Discover all skills in the project, score them across 6 criteria, and infer the appropriate effort level based on content analysis.

When to Use

  • New project: run once to establish baseline quality
  • Before committing a skill to a team repo
  • After bulk-importing skills from another project
  • When adding effort fields for the first time (v2.1.80+)

What Gets Audited

All SKILL.md files and flat .md files found in:

  • .claude/skills/**
  • ~/.claude/skills/** (if requested)
  • Any path passed as argument: /eval-skills ./my-skills-dir

Scoring Criteria (14 pts per skill)

# Criterion Max What is checked
1 name 1 Present, lowercase, hyphens only, matches directory name
2 description 2 Present + has "Use when" / "when to" / trigger phrasing
3 allowed-tools 2 Present + not overly broad (Bash without scoping when read-only)
4 effort 3 Present (1pt) + appropriate for content (2pt based on inference)
5 content structure 4 Has Purpose/When section (1), has examples/usage (1), has clear workflow (1), no placeholder text (1)
6 bonus +2 argument-hint present (1), version/author metadata (1)

Note: tags is NOT an officially supported frontmatter field in Claude Code. It is ignored by the runtime. Do not include it or score it as a quality criterion.

Thresholds:

  • ✅ Good: ≥11/14 (≥80%)
  • ⚠️ Needs work: 8–10/14 (60–79%)
  • ❌ Fix: <8/14 (<60%)

Effort Level Inference Engine

For each skill, analyze description + content and classify using these signals:

low — Mechanical execution, no design decisions

Signals:

  • Verbs: commit, push, sync, scaffold, generate (template-based), format, rename, bump, wrap, convert
  • No reasoning required: sequential steps, template instantiation, data fetching
  • allowed-tools: Bash only, or Read-only
  • No sub-agents spawned
  • Short workflow (<5 steps)

Examples: /commit, /release-notes, /scaffold, /sync, /format

medium — Analysis with bounded scope, categorization

Signals:

  • Verbs: review, triage, analyze, categorize, suggest, evaluate (single file or bounded scope)
  • Requires pattern recognition but not architectural reasoning
  • allowed-tools: Read + Grep + Bash combination
  • May spawn 1-2 sub-agents but with predefined scope
  • Produces structured output (tables, categorized lists)

Examples: /code-review (single PR), /issue-triage, /dependency-audit, /test-coverage

high — Design decisions, adversarial reasoning, cross-system analysis

Signals:

  • Verbs: architect, redesign, threat-model, audit (security), orchestrate (multi-agent), score, assess trade-offs
  • Requires reasoning about edge cases, attack vectors, or system-wide implications
  • allowed-tools: broad access (Read + Write + Bash + external tools)
  • Spawns multiple sub-agents or uses parallel execution
  • Produces analysis with explicit uncertainty or trade-off sections
  • Keywords in content: "security", "architecture", "adversarial", "pipeline", "threat", "design decision"

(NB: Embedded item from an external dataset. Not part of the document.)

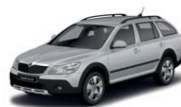
Brilliant Silver metallic
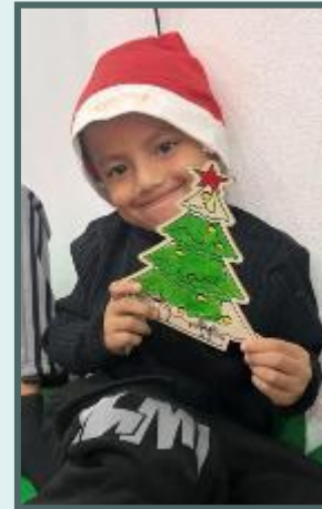
Children's Christmas Celebration at Bethel Evangelical Congregational Church, Dharan

Examples: /security-audit, /architecture-review, /cyber-defense, /eval-agents

Mismatch flag

If a skill has effort: already set but the inferred level differs, flag it:

⚠️ Effort mismatch: declared low, inferred high — skill spawns 4 sub-agents and performs security analysis


Execution Instructions

Step 1 — Discovery

bash
# Find all SKILL.md files
find .claude/skills -name "SKILL.md" 2>/dev/null

# Find flat skill files
find .claude/skills -maxdepth 1 -name "*.md" ! -name "README*" 2>/dev/null

# If argument provided, use that path instead

Step 2 — Parse each skill

For each skill file found:

  1. Read the full file
  2. Extract YAML frontmatter (between first --- and second ---)
  3. Parse: name, description, allowed-tools, effort, argument-hint, version
  4. Note presence/absence of each field
  5. Read the body content for structure analysis

Step 3 — Score and infer

Apply the scoring criteria above to each skill:

  • Check frontmatter fields
  • Evaluate description quality (does it answer "when to use"? is it under 1024 chars?)
  • Evaluate allowed-tools scope (is Bash used when only Read would suffice? are tools scoped with wildcards when possible?)
  • Infer effort level from content analysis
  • Compare inferred vs declared effort (if set)
  • Evaluate content structure (scan for "When to Use", "Purpose", "Example", "Workflow" sections)

Step 4 — Output

Produce a structured report:

# Skills Audit — [project name or path]
Date: [today] | Scanned: N skills

## Summary
| Status | Count |
|--------|-------|
| ✅ Good (≥80%) | N |
| ⚠️ Needs work (60–79%) | N |
| ❌ Fix (<60%) | N |

**Effort coverage**: N/N skills have effort field set

---

## Per-Skill Results

### [skill-name] — [score]/15 [✅/⚠️/❌]

| Criterion | Score | Notes |
|-----------|-------|-------|
| name | ✅ 1/1 | — |
| description | ⚠️ 1/2 | Missing "Use when" phrasing |
| allowed-tools | ✅ 2/2 | Well-scoped |
| effort | ❌ 0/3 | Missing — Recommended: high |
| content structure | ⚠️ 2/4 | No examples section |

**Effort inference**: `high` — skill performs security analysis with adversarial reasoning
  Signals: "threat", "attack surface", "vulnerability scoring" in content; spawns 4 agents

**Priority fixes** (ordered by impact):
1. Add `effort: high` to frontmatter
2. Add "Use when" to description
3. Add a concrete usage example section

---

After all skills: print a Fix Summary — all missing effort fields with recommended values, ready to copy-paste.


Fix Summary Format

At the end, print a ready-to-use patch block for all missing/mismatched effort fields:

## Recommended effort fields (copy-paste ready)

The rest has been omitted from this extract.